The onOnline method is only used to receive a trigger that determines whether the user's device has come back online, which is used to retry optimistic mutations that have previously failed due to being offline.

The storage option may also be used with the cacheExchange instead of the offlineExchange, but will then only use readData and writeData to persist its cache data. This is not full offline support, but will rather be "persistence support".

Cache#

An instance of the Cache interface is passed to every resolvers and updater function. It may be used to read cached data or write cached data, which may be used in combination with the cacheExchange configuration to alter the default behaviour of Graphcache.

keyOfEntity#

The cache.keyOfEntity method may be called with a partial Data object and will return the key for that object, or null if it's not keyable.

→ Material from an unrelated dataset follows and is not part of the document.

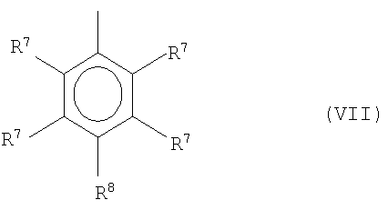 R6 являются одинаковыми или разными и независимо друг от друга означают галоген или линейный или разветвленный С1-C20-алкил, С3-C20-циалоалкил, который может содержать в качестве заместителей один или большее количество C1-С10-алкильных радикалов, С6-C20-арил, C7-C20-алкиларил или C7-C20-арилалкил и может содержать один или большее количество гетероатомов, являющихся атомами групп 13-17 периодической системы элементов, или одну или большее количество ненасыщенных связей, где R6 предпочтительно означает арильную группу формулы (VII),

An object may not be keyable if it's missing the __typename or id (which falls back to _id) fields. This method does take the keys configuration into account.

cache.keyOfEntity({ __typename: 'Todo', id: 1 }); // 'Todo:1'
cache.keyOfEntity({ __typename: 'Query' }); // 'Query'
cache.keyOfEntity({ __typename: 'Unknown' }); // null

There's an alternative method, cache.keyOfField which generates a key for a given field. This is only rarely needed but similar to cache.keyOfEntity. This method accepts a field name and optionally a field's arguments.

cache.keyOfField('todo'); // 'todo'
cache.keyOfField('todo', { id: 1 }); // 'todo({"id":1})'

Internally, these are the keys that records and links are stored on per entity.

resolve#

This method retrieves a value or link for a given field, given a partially keyable Data object or entity, a field name, and optionally the field's arguments. Internally this method accesses the cache by using cache.keyOfEntity and cache.keyOfField.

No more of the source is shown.